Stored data

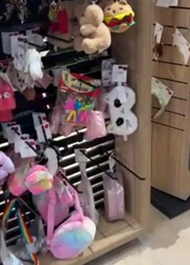 A close-up shot shows a section of a retail display shelf filled with various accessories. The shelf is made of light wood and features narrow horizontal slats. The items on display include keychains, small bags, and hair accessories. Among the keychains are plush toys like a bear and a burger. There is a white, fluffy cat-shaped eye mask. The bags are colorful, with pink, rainbow, and iridescent designs. Price tags are visible on several items. The background includes a partial view of another display shelf with similar items. The floor is light-colored wood.
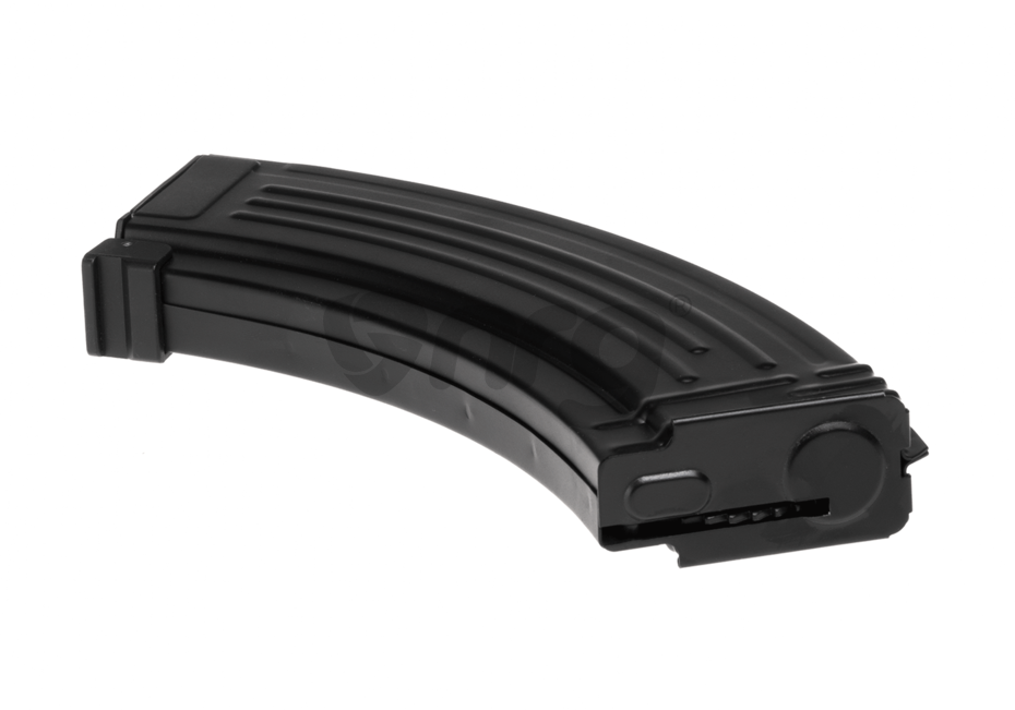 Incarcator de airsoft Hi Cap destinat platformelor Ak47. Acest incarcator de airsoft are o capacitate de 600 de bile de 6mm. Principiul de functionare este bazat pe comprimarea unui arc intern in momentul alimentarii cu bile. Este construit din metal iar interiorul este din plastic de calitate.
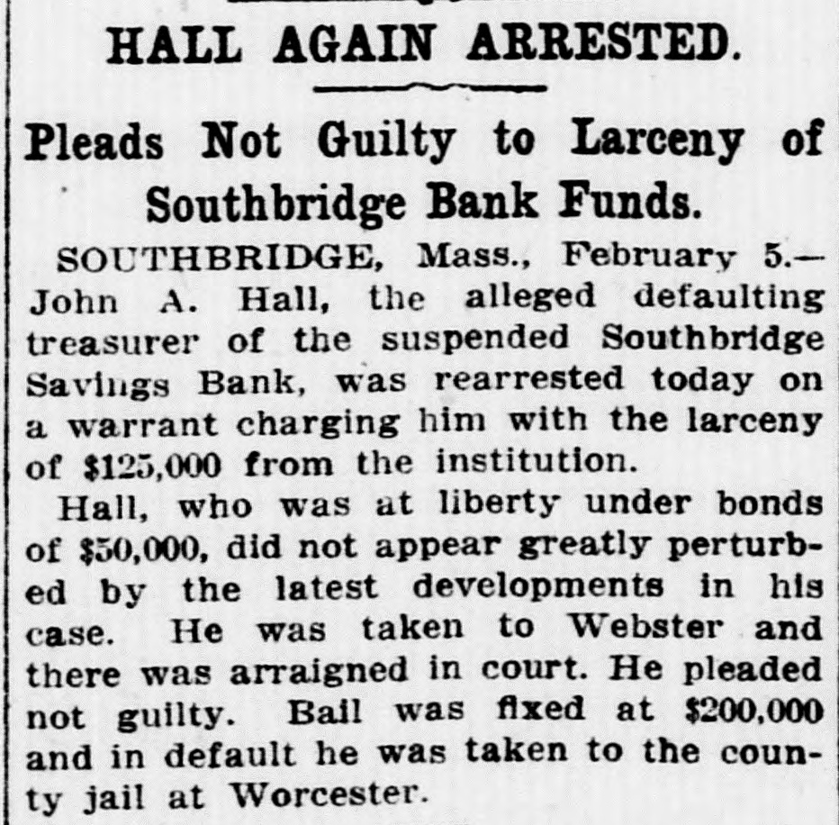 HALL AGAIN ARRESTED. Pleads Not Guilty to Larceny of Southbridge Bank Funds. SOUTHBRIDGE, Mass., February 5.John A. Hall, the alleged defaulting treasurer of the suspended Southbridge Savings Bank, was rearrested today on a warrant charging him with the larceny of $125,000 from the institution. Hall, who was at liberty under bonds of $50,000, did not appear greatly perturbed by the latest developments in his case. He was taken to Webster and there was arraigned in court. He pleaded not guilty. Bail was fixed at $200,000 and in default he was taken to the county jail at Worcester.
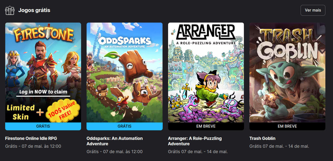Os jogos gratuitos são liberados pontualmente às 12h (horário de Brasília) toda quinta-feira. Isso significa que, a partir desse horário, você já pode acessar a Epic Games Store e garantir seus novos jogos!
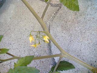 おそらく、鉢植えの棚から落ちた種が、コンクリの隙間に入って根付いてしまった?
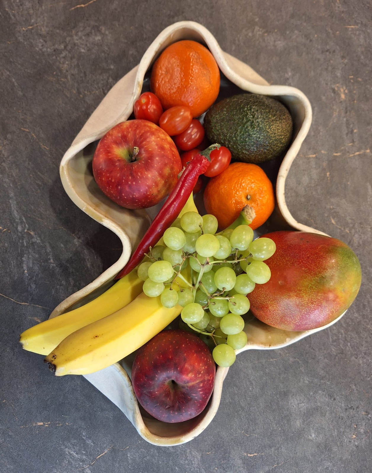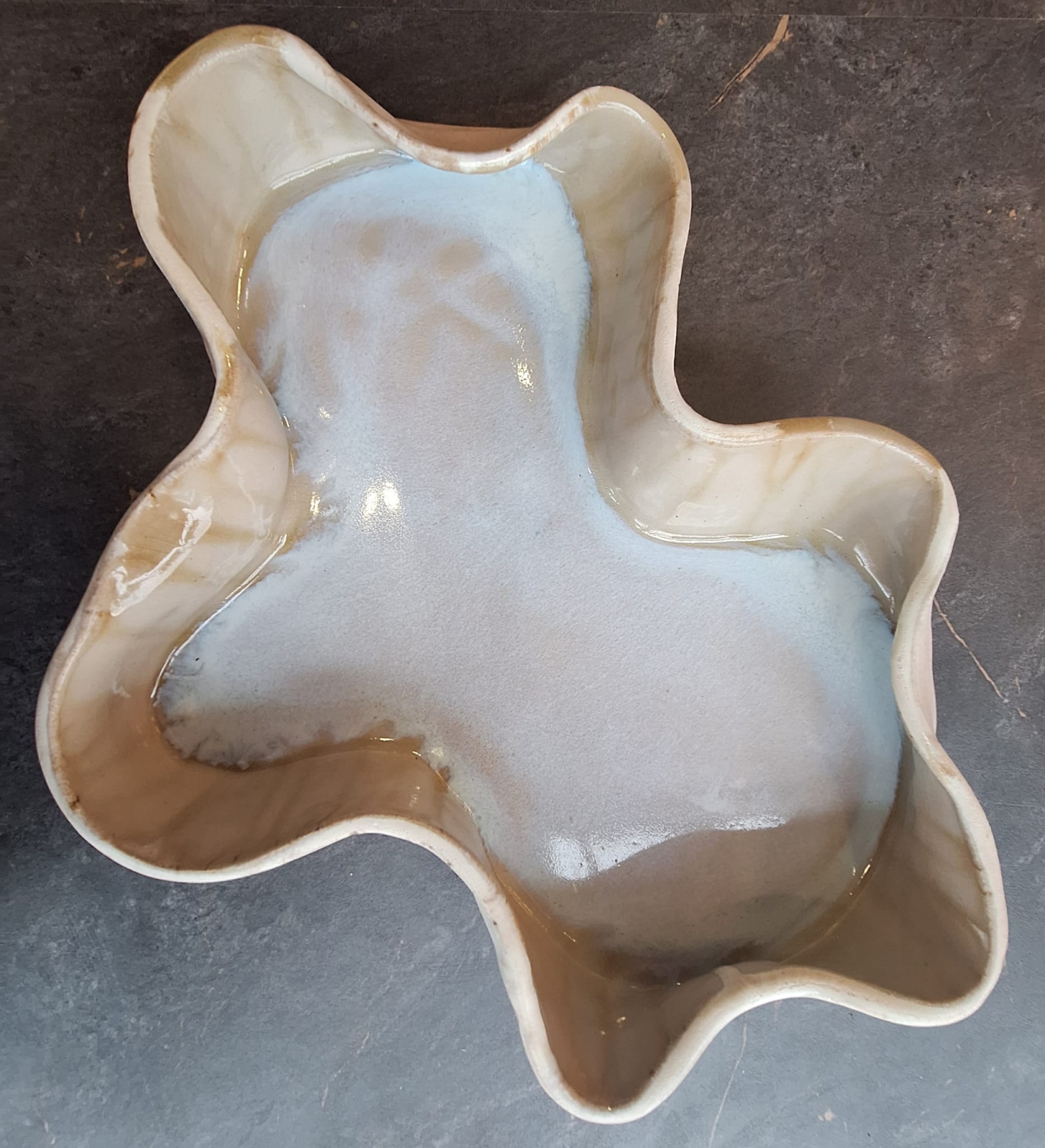 Patera ceramiczna w tonacji brązów, beżów, bieli, szarości. Wypalana dwukrotnie na kamionkę w temperaturze 1240 stopni. Szkliwa dopuszczone do kontaktu z żywnością. Można myć w zmywarce. Wymiary 42cm x 32cm x 8 cm
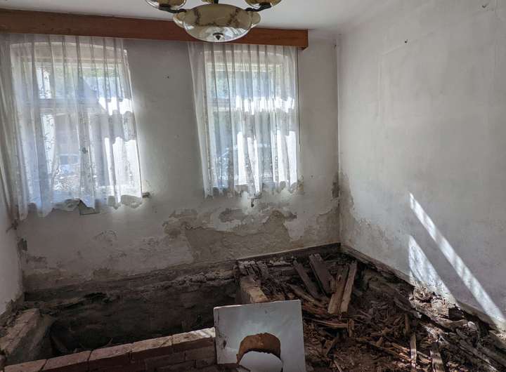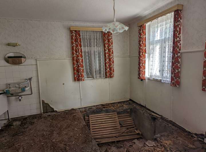 Früher versorgten Kachelöfen das Haus mit Wärme, diese wurden aber schon seit mehreren Jahren nicht mehr genutzt.
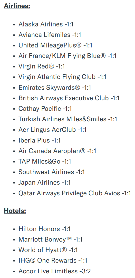 내가 BILT 카드를 좋아하는 이유는 이 BILT 포인트의 활용도 때문이다. 다음은 BILT 포인트를 전환할 수 있는 파트너 사 리스트들이다.
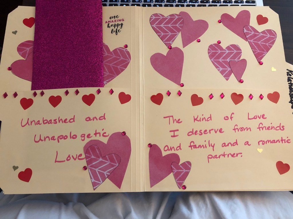 After that I did finances/money, not a hard one to spot because I found duct tape with a variety of bills on it, and wrote myself a ‘check’ from a publishing house, put in a list of charities I would donate to, and used a green sparkly piece of paper to write all the things I could do or fund once I was supporting myself with my writing. Then there was love, also not hard because I had a whole bunch of pink paper and sticky crystals. I kept this one simple, writing the kinds of things I would see, experience, feel from people who loved me on a sparkly pink page, cutting out hearts and just playing around with what fit. Finally I did health. I added recipes, goals, things I could do to make healthier choices, etc. I added magazine cutouts and stickers to emphasize the things I want to achieve in order to make the board more interactive than the other ones.
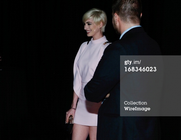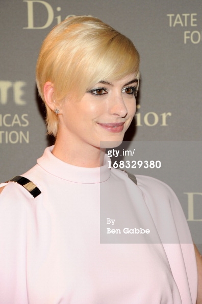 Quick change and styling for after show party; wow! Would never have thought it; Anne Hathaway short and blonde. Clearly keeping the short do as well and as often happens after the initial big change she is enjoying trying different looks.
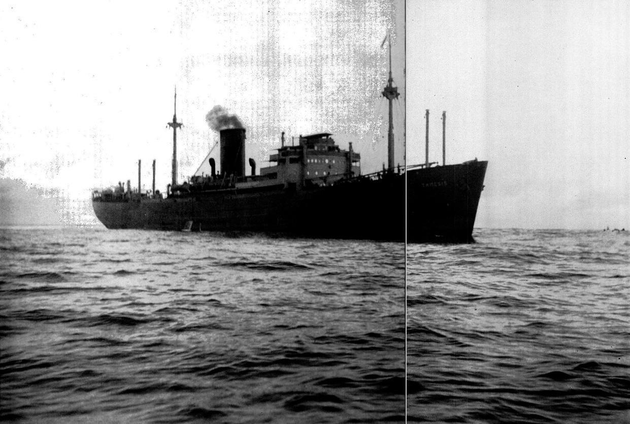 “Тамесис” осторожно приближается к цели через 10 минут после обстрела, в окнах его рубки отражается восход солнца в Южной Атлантике. Пассажиры в покачивающихся спасательных шлюпках или плавающие в воде задаются вопросом, приближается ли она к пулеметным катерам, прикончившим Замзама без следа. В реестре Ллойда Timesis значится как норвежское грузовое судно водоизмещением 7156 тонн, построенное в Данциге в 1939 году, зарегистрированное в Тонсберге. Но не исключено, что немцы используют это название в качестве прикрытия. Название "Тирана" было написано на корабельном колоколе. Судно представляло собой одновинтовой моторный корабль с эллиптической кормой. Быстрее, чем она выглядела, она, вероятно, могла бы делать 18 узлов. Сбитые с толку пассажиры, взобравшиеся на борт по веревочным лестницам и согнанные к трюму в середине судна под охраной морской пехоты, увидели фальшивую парусиновую надстройку прямо за рубкой. На нем работала тщательно подобранная команда из нескольких сотен крепких молодых нацистов в возрасте от 19 до 30 лет, а его капитан, красивый гигант по имени Рогге, имел полное звание ВМС Германии. На его безупречно чистых палубах рядами стояли бочки с маслом, а проходы внизу были забиты 75- и 155-миллиметровыми пороховыми канистрами. На ее боках не было боевых шрамов. Некоторые офицеры “Тамесис" намекали, что она вступила в бой с британскими вооруженными торговыми судами “Карнарвон Касл" и "Алькантара" в 1940 году, однако (поскольку это был рейдер, который прикончил норвежский китобойный флот в Антарктике, "Тамесис" установил два орудия на корме, одно по меньшей мере 6-дюймовое, другое переднее и, вероятно, торпедные аппараты В течение пяти часов во время передачи добычи "Замзам" на мостике "Тамесис" несли вахту четыре человека. Фотограф Шерман сделал этот снимок со спасательной шлюпки, подвергая себя большому личному риску, и контрабандой доставил его обратно в Сша. Это одна из фотографий, которую нацисты больше всего стремились скрыть.

* Problem
An exact transcription is needed of the lines from the one with "Incarcator de airsoft Hi" to the one with "내가 BILT 카드를" above, both ends included, with pictures left out.

* Response to this task
 Incarcator de airsoft Hi Cap destinat platformelor Ak47. Acest incarcator de airsoft are o capacitate de 600 de bile de 6mm. Principiul de functionare este bazat pe comprimarea unui arc intern in momentul alimentarii cu bile. Este construit din metal iar interiorul este din plastic de calitate.
 HALL AGAIN ARRESTED. Pleads Not Guilty to Larceny of Southbridge Bank Funds. SOUTHBRIDGE, Mass., February 5.John A. Hall, the alleged defaulting treasurer of the suspended Southbridge Savings Bank, was rearrested today on a warrant charging him with the larceny of $125,000 from the institution. Hall, who was at liberty under bonds of $50,000, did not appear greatly perturbed by the latest developments in his case. He was taken to Webster and there was arraigned in court. He pleaded not guilty. Bail was fixed at $200,000 and in default he was taken to the county jail at Worcester.
Os jogos gratuitos são liberados pontualmente às 12h (horário de Brasília) toda quinta-feira. Isso significa que, a partir desse horário, você já pode acessar a Epic Games Store e garantir seus novos jogos!
 おそらく、鉢植えの棚から落ちた種が、コンクリの隙間に入って根付いてしまった?
 Patera ceramiczna w tonacji brązów, beżów, bieli, szarości. Wypalana dwukrotnie na kamionkę w temperaturze 1240 stopni. Szkliwa dopuszczone do kontaktu z żywnością. Można myć w zmywarce. Wymiary 42cm x 32cm x 8 cm
 Früher versorgten Kachelöfen das Haus mit Wärme, diese wurden aber schon seit mehreren Jahren nicht mehr genutzt.
 내가 BILT 카드를 좋아하는 이유는 이 BILT 포인트의 활용도 때문이다. 다음은 BILT 포인트를 전환할 수 있는 파트너 사 리스트들이다.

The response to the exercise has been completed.